And, with Democrat Conor Lamb coming close to a once unthinkable victory, other Democrats running this fall in Trump-friendly districts may find a formula to boost their hopes of retaking the House.

“We should be able to elect a box of hammers in this district. If we’re losing here, you can bet there is a Democratic wave coming,” said veteran Republican consultant Mike Murphy, a Trump critic.

Uncertainty now pervades the party that Trump leads.

Tuesday’s effective tie, coming in the aftermath of Trump’s ­aggressive push for steel and aluminum tariffs that were backed by both Pennsylvania candidates, suggests the power of the president’s hard-line trade stance to rally his voters is no longer a given.

The failure to secure an outright win also adds to an aura of negativity surrounding the president. Political storms accumulate seemingly by the hour, from the exit of mainstream figures inside the West Wing to the drip-drip developments in the Russia investigation to new revelations in the saga of a $130,000 hush agreement between a porn star and the president’s personal ­lawyer.

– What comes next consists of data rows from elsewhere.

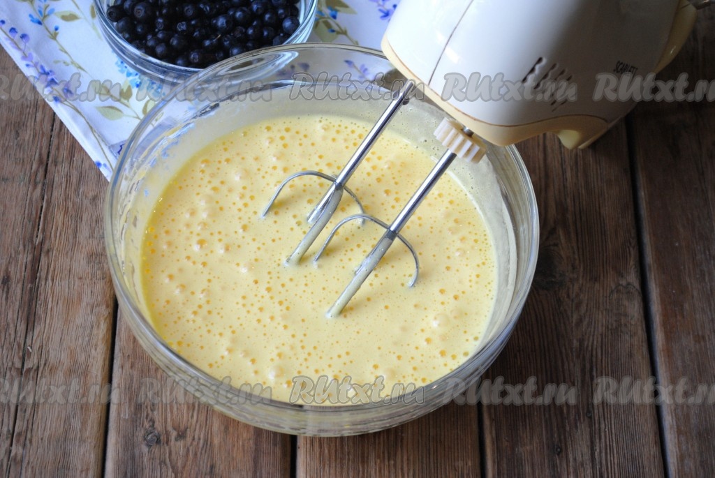 Взбить яйца на максимальных оборотах миксера до однородности (ориентировочно в течение 1 минуты).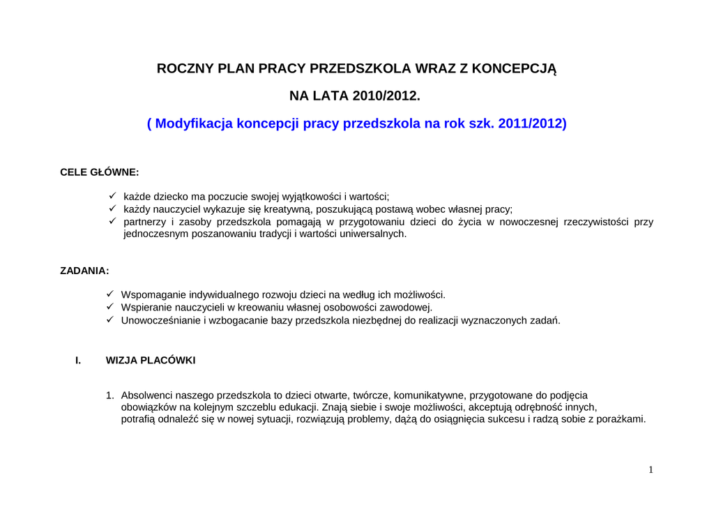 ROCZNY PLAN PRACY PRZEDSZKOLA WRAZ Z KONCEPCJĄ NA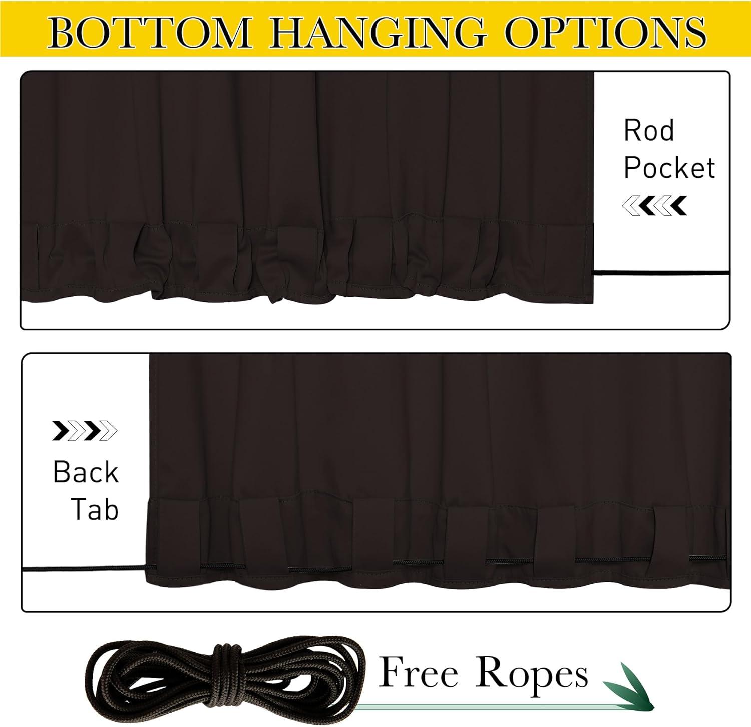 Fixable Design: Pocket and back tab at top and bottom make the curtain weighted and fixed to avoid blowing and flapping for providing you with much privacy while keeping sun or rain out.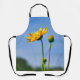 Close up of the head of a yellow daisy, also known as Helenium, bursting into bloom against a blue sky

Lamb’s vote total wasn’t a sporadic burst of liberal energy in a blue state where faded Obama stickers still cover bumpers and the Trump resistance thrives. It was a sign of weakness in the beating heart of Trump’s political base — a place where red “Make America Great Again” caps were worn proudly throughout the last presidential campaign and where passion for the economic protectionism that Trump has made his creed rivals the passion for the Pittsburgh Steelers.

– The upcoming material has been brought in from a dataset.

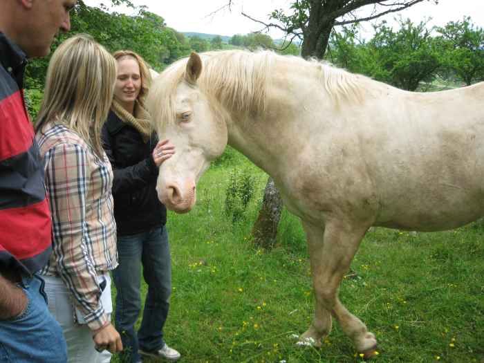 | Dire merci | Bonjour, voilà j'ai une jument en demi pension et le propriétaire veut la faire pouliner; le poulain est pour moi, j'ai choisi le père. La mère c'est Lordorée, de mère ardennaise (et oui on pourrait croire une comtoise)et de père pur sang arabe. Le père que j'ai choisi est cheval crème (13% d'arabe et le reste d'espagnol). Le but pour moi étant de garder un gros gabarit, le père a aussi de l'os (et il est un peu gras sur les photos!), il donne du gabarit à ses petits. Les chaleurs doivent arriver d'un jour à l'autre! je suis pressée! Donnez moi votre avis! (j'espère avoir réussi à mettre les photos....) ![]() ![]() ![]() ![]() ![]() |
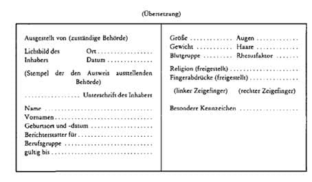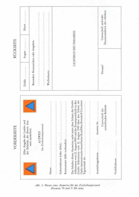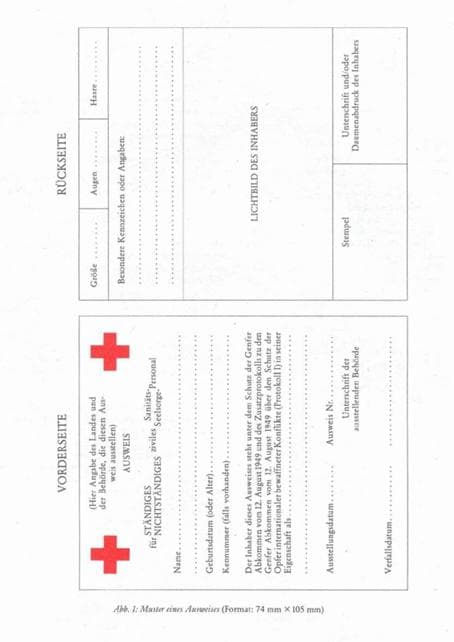 (2) Der Ausweis ist im gesamten Hoheitsgebiet jeder Vertragspartei einheitlich und für alle am Konflikt beteiligten Parteien soweit wie möglich gleichartig. Die am Konflikt beteiligten Parteien können sich an das einsprachige Muster in Abbildung 1 halten. Bei Beginn der Feindseligkeiten übermitteln sie einander ein Exemplar des von ihnen verwendeten Ausweises, wenn dieser von dem Muster in Abbildung 1 abweicht. Der Ausweis wird nach Möglichkeit in zwei Exemplaren ausgefertigt, von denen eines von der ausstellenden Behörde aufbewahrt wird; diese soll für die Kontrolle der von ihr ausgestellten Ausweise sorgen.

But Lamb, a 33-year-old ­retired Marine and attorney with a chiseled jaw and centrist pitch, was able to peel away voters from Saccone, 60, a Republican state lawmaker, in Pennsylvania’s 18th Congressional District.

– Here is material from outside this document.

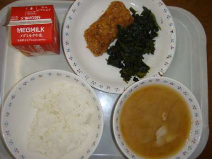 今日の献立は,「ごはん・牛乳・鰆のたつたあげ・ほうれん草のおかか煮・豚汁」でした。6年生がランチルームでした。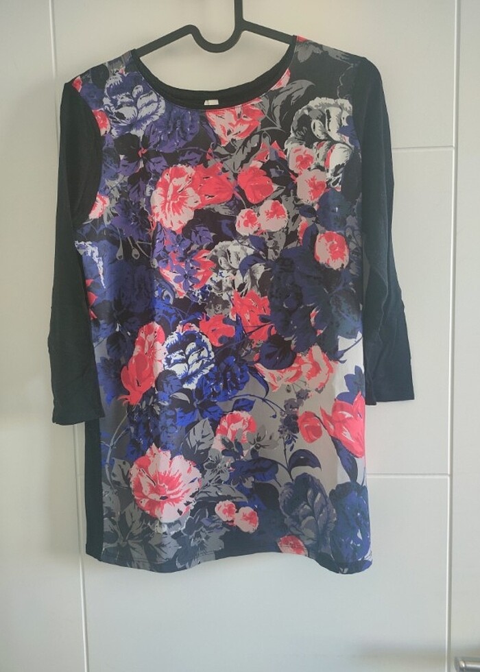 Arkası siyah penye önü çiçek desenli kumaştan bluz En:45 cm Boy:65 cm

Trump’s tariff plan, his raucous rally in the district over the weekend, the Republican-authored tax law, the blizzard of television ads from conservative groups linking Lamb to House Minority Leader Nancy Pelosi (D-Calif.), and the visit by Donald Trump Jr. to a candy-making facility on Monday — none of it was enough to secure a victory Tuesday night for Saccone, whom Republican and White House officials have snidely described as “Mr. Generic ­Republican.”

To Trump allies, the poor showing Tuesday was not a reflection on the president, but instead a reminder that the GOP should be embracing candidates who emulate the unscripted former reality TV star in the Oval Office.

“You can’t run a standard campaign,” former Trump campaign adviser Ed Brookover vented. “These kind of regular, Republican establishment campaigns, running as a conservative, isn’t going to work.”

The potential breakdown could be a rupture point in the Trump-Republican relationship that has so far held together.

For months, congressional Republicans have looked on uneasily as the White House has erupted with tensions and as Trump has fumed at foes and friends on Twitter and elsewhere. They have worried that the president and their party seemed alarmingly adrift, lurching between one policy fight or personnel drama to another without much legislating or political command.

Nevertheless, most Republicans have hesitated to worry too much, at least publicly, since the president appeared in polls to have a solid grip on his core voters in areas like Pittsburgh’s southern suburbs — the voters Republicans are counting on to turn out in droves this fall and stave off a Democratic takeover. He had overseen the confirmation of Supreme Court Justice Neil M. Gorsuch and signed the sweeping tax law that they had craved, which reassured them along the way.

It was a bargain between Republicans and an unconventional president to move forward arm-in-arm toward the November elections, even if both sides knew the relationship was fraught. Trump may have been vexing, but he was necessary for the party’s chances. Saccone, who wrapped himself politically around Trump in the Pennsylvania contest, was a case study in the survival strategy.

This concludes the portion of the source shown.